Dear old Josh is leaving the club in the best of hands. "This is a very special place," he said, a few minutes after receiving a standing ovation from a sell-out Adams Park crowd, who stayed behind en masse to bid him the fondest of farewells. "Sometimes in life, you don't realise what you're leaving until you walk away from it. Will I stay involved? Well, I'm not dead quite yet – although if I can still say that this time next year it will be a bonus – and I'm more than happy to be a sounding board for people here, if that's what they want. But I need to take a proper break from rugby. There are other things to think about now."

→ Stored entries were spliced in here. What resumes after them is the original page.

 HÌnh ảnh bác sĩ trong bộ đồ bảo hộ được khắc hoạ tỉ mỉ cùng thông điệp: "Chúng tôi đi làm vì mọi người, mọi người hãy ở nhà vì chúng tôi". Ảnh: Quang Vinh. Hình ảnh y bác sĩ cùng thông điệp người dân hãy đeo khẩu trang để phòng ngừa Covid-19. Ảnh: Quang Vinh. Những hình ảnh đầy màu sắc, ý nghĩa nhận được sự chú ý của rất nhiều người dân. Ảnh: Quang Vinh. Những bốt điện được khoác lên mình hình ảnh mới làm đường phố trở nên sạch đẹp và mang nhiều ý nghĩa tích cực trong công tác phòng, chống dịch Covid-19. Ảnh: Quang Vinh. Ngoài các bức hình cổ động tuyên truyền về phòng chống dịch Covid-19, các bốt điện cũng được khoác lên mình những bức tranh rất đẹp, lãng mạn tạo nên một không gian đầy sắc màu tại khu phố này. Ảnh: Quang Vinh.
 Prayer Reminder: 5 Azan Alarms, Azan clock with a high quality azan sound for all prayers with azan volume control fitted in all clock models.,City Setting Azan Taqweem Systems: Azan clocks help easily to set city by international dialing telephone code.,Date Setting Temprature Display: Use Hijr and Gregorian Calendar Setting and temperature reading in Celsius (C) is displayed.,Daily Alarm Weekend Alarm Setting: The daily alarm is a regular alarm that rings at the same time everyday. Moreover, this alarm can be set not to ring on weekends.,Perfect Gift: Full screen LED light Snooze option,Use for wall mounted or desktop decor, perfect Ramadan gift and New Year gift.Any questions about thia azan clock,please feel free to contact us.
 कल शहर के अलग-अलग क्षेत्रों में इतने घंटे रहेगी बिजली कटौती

Had the Almighty been resident in his heaven, Lewsey would have been granted one last try on his last club appearance. What could have been more fitting for so courageous and generous a rugby spirit? Unfortunately, the World Cup-winning wing found himself bereft of divine help, and for all his efforts – as late as the 87th minute, he was still wrenching himself away from gang-tackling opponents and sprinting upfield in search of a five-pointer – there was nothing doing. As it turned out, Simon Shaw scored one instead. At 35, Shaw performed with the energy and joie de vivre of an acne-plagued rookie half his age.

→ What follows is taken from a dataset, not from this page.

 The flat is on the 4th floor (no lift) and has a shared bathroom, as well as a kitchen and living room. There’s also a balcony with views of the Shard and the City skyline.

He scrummaged strongly, not least when Wasps lost Webber to the cooler early in the second quarter, and when Gloucester slipped into pre-Experimental Law Variation Mode and set up a driving maul that threatened the home line, he single-handedly stopped it dead in its tracks. His off-loading game was both imaginative and precise, his tackle-count was high and his 40-metre gallop up the right touchline made him look like John Eales incarnate. On this evidence, it is just possible that he will play as well for the Lions in South Africa this summer as he did when they last visited Springbok country a dozen years ago.

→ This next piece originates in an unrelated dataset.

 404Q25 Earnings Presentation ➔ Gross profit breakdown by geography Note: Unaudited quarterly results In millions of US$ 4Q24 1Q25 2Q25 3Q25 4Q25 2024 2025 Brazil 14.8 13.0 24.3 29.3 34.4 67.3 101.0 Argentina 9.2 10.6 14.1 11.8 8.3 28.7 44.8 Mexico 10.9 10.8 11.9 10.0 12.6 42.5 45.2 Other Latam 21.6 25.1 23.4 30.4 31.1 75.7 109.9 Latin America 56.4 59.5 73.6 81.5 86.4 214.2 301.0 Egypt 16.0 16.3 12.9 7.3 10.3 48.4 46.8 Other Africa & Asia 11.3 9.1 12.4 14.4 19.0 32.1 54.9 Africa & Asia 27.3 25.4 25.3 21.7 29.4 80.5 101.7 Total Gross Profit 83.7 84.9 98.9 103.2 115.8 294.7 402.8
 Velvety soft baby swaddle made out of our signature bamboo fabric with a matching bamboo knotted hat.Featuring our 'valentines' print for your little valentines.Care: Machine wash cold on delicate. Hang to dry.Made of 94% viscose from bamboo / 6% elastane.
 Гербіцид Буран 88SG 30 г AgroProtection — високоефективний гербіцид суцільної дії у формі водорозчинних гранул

How Lewsey would have loved a seat on the same flight to Johannesburg, leaving in late May. Sitting alongside him on Saturday night, dispensing herograms along with everyone else, was none other than Ian McGeechan, his director of rugby at club level and the man who declined to pick him for the Lions tour. There was not a hint of tension between the two of them, not even the faintest crackle of discomfort. It said everything that needed saying about the Wasps way.
Scorers: Wasps: Tries Flutey 2, Voyce, Shaw; Conversions Cipriani 2, Staunton 2; Penalties Cipriani 2. Gloucester: Penalty Barkley.
Wasps: L Mitchell; T Voyce, D Waldouck, R Flutey, J Lewsey; D Cipriani (J Staunton, h-t), J Simpson; T Payne (J Ward, 83), R Webber, P Vickery (C Beech, 70), S Shaw (M Robinson, 83), G Skivington (R Birkett, 58), J Worsley (H Ellis, 83), S Betsen (capt), J Hart (Ward, 25-36; J Haskell, 49).
Gloucester: O Morgan; C Sharples, H Trinder, O Barkley, M Foster; C Spencer, R Lawson (D Lewis, 62); A Dickinson (Somerville, 62), S Lawson (A Titterrell, 44), G Somerville (N Wood, 44; D Williams 69), A Eustace (A Brown, 44), M Bortolami, L Narraway, A Satala, G Delve (capt).
Referee: D Pearson (Northumberland).